🟡 🛡️ Security Published: · 3 min read ·

arXiv:2606.05523: CHASE — co-evolutionary red-blue teaming via reinforcement learning

arXiv:2606.05523 ↗

Editorial illustration: CHASE — co-evolutionary red-blue teaming via reinforcement learning

CHASE is a closed-loop framework in which an attacker and a defender model co-evolve through reinforcement learning. The attacker uses GRPO to rewrite prompts while preserving intent, while the defense is strengthened through two-stage training. The result is a 43.2% reduction in vulnerability score with a zero false-refusal rate on benign inputs.

🤖

This article was generated using artificial intelligence from primary sources.

Paper arXiv:2606.05523 (v1, June 4, 2026, 00:06 UTC) introduces CHASE, a closed-loop framework in which an attacker and a defender model co-evolve through reinforcement learning (RL). The goal is to strengthen the safety of large language models through the simultaneous development of attack and defense.

What is CHASE and how is it structured?

CHASE is a closed-loop red-blue teaming framework. In security terminology, the red team represents an attacker searching for vulnerabilities, while the blue team represents the defense. The distinctive feature of CHASE is that the attacker and the defender model do not operate separately but co-evolve: as the attacker develops new attacks, the defense adapts, and that adaptation in turn forces the attacker to evolve further. It is a closed loop in which both sides advance against one another.

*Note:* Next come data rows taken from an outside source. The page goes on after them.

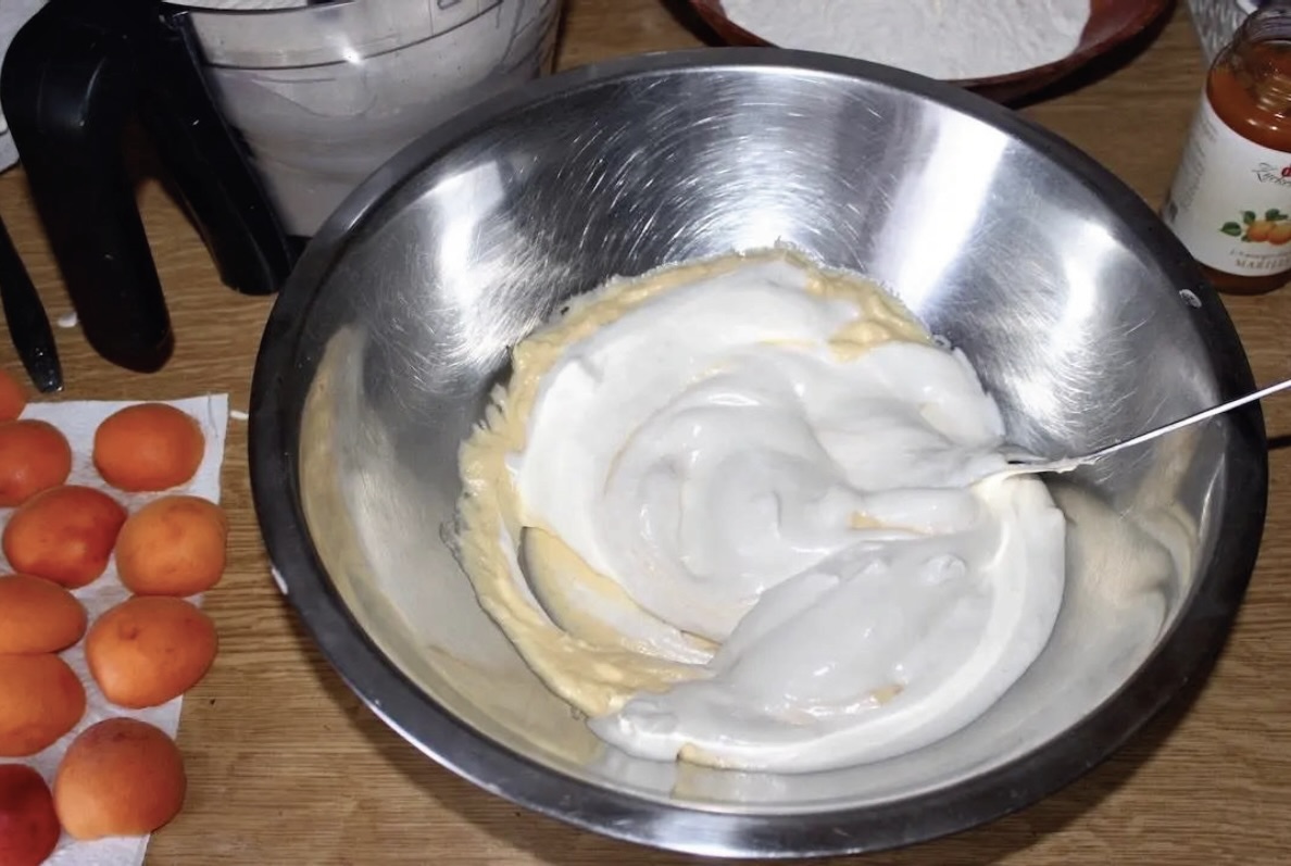 Łączenie: Ubita pianę delikatnie wmieszaj do masy maślanej. Na koniec partiami (po 2 łyżki) dodawaj mąkę, delikatnie mieszając, aż ciasto będzie gładkie.
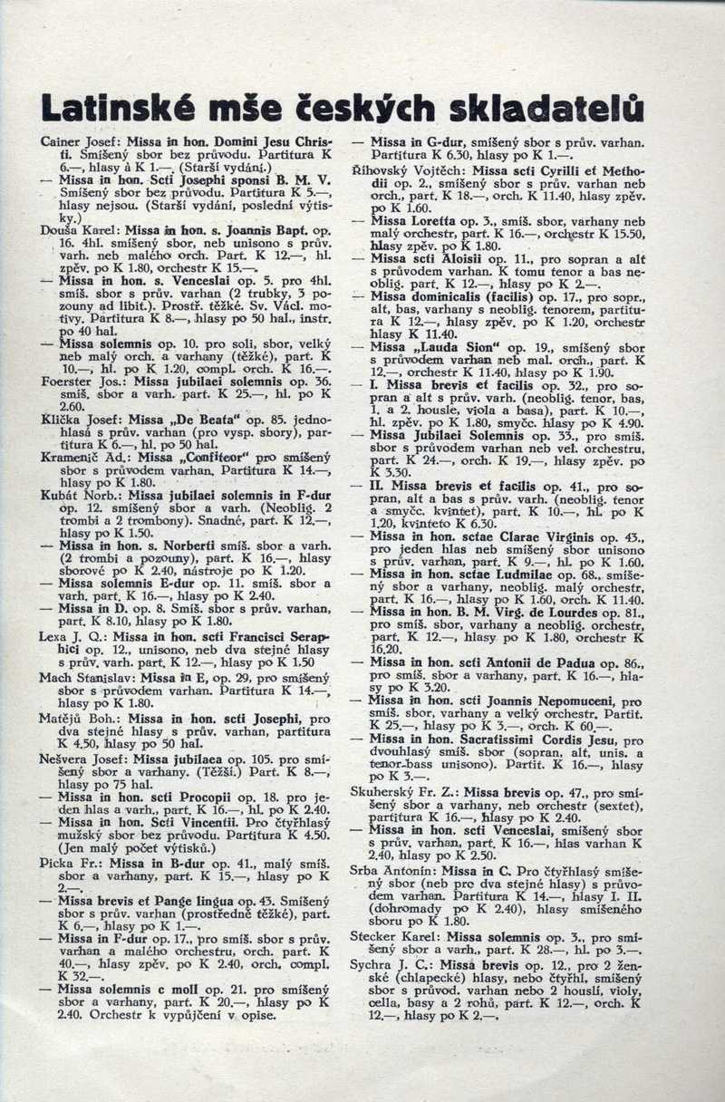 Latinské mše českých skladatelů Ročník: 1940; strana: 28, příloha: 1 Přepis ke stažení ve formátu MS Word [0 kB]
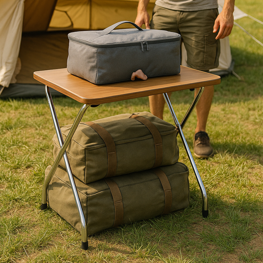 溫潤的木紋桌面,搭配俐落的金屬亮面腳管。無論是放在家裡當咖啡桌、工作桌,還是帶去戶外露營野餐,拍照都超好看,瞬間提升生活品味。
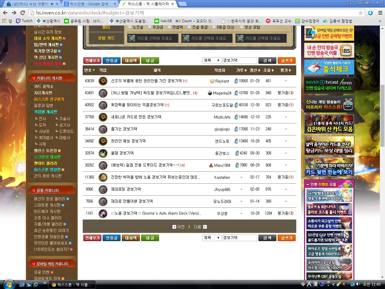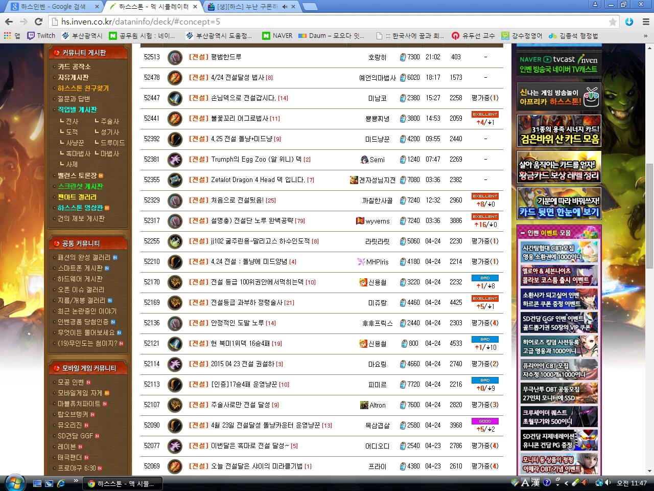 3. 랭크덱 : 현재의 메타의 흐름을 파악해서 최고의 영웅, 카드로 구성한 덱.(랭크게임에 적용하면서 벨런싱 함.)
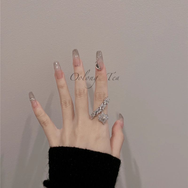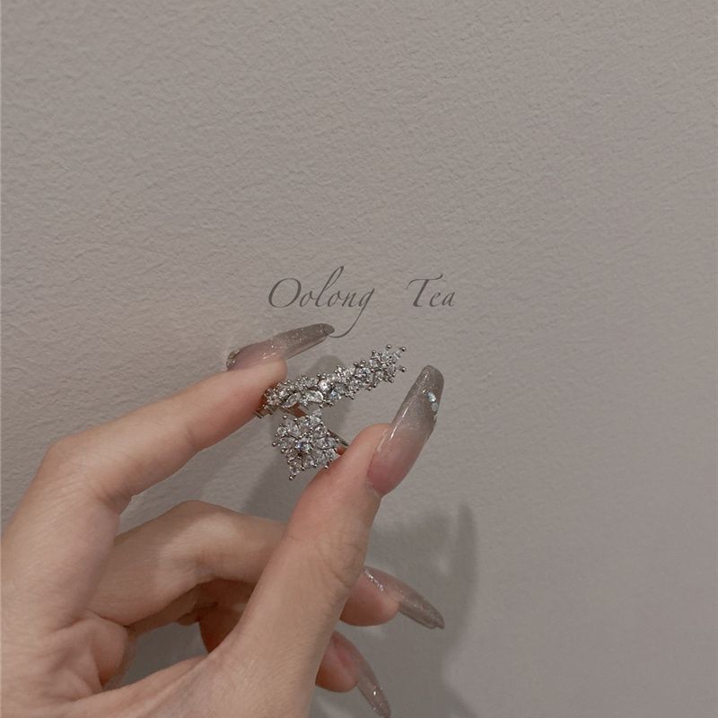 如蝶在野 富家千金繁花水钻戒指气质百搭高级感氛围开口戒可调节
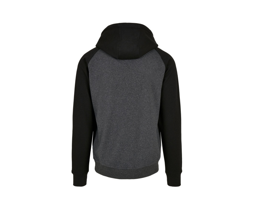 Manches raglan. Intérieur gratté. Capuche et manches contrastées. Capuche ajustable. Poche kangourou. Puce de taille au col.

How does the attacking side work?

The attacker in CHASE uses GRPO to rewrite prompts while preserving intent. The key is that the attack rewrites the input prompt so that it bypasses the defense but retains the original (harmful) intent. This generates realistic, diverse attack examples that serve the defender model as challenging training material.

How is the defense strengthened?

The defending side is strengthened through two-stage training that combines RL and rejection sampling. The first stage uses reinforcement learning, while the second uses rejection sampling — the selection of high-quality response examples — to further reinforce the defense. With this combination, the defender model learns to reject attacks generated by the GRPO attacker, while retaining the ability to respond normally to harmless requests.

What are the results?

The main result is a reduction in the vulnerability score of 43.2%. Equally important is that this was achieved while maintaining a zero false-refusal rate on benign inputs — the model does not reject harmless requests despite the strengthened defense. This way, CHASE addresses a common problem in safety training, where stronger defense often leads to over-refusal of legitimate queries.

Do the learned attacks generalize?

Yes. According to the paper, the learned attack patterns generalize across different mechanical attack families. This is an important finding because it shows that the defense learned within the CHASE framework is not narrow — it does not defend only against the single type of attack it was trained on, but transfers to other mechanisms as well. Such generalization makes the co-evolutionary approach promising for building more robust, broadly resilient safety defenses in large language models.

Frequently Asked Questions

What is CHASE?
CHASE is a closed-loop red-blue teaming framework in which the attacker (red team) and the defender model (blue team) co-evolve. The attacker uses GRPO to rewrite prompts while preserving the original intent, and the defender model learns to defend against the attacks generated this way.
What results does CHASE achieve?
CHASE reduces the vulnerability score by 43.2% while maintaining a zero false-refusal rate on benign inputs. This means stronger defense without losing usefulness on harmless requests.
Do the learned attacks generalize?
Yes. According to the paper, the learned attack patterns generalize across different mechanical attack families, which suggests that the defense learned through CHASE is not limited to a single type of attack.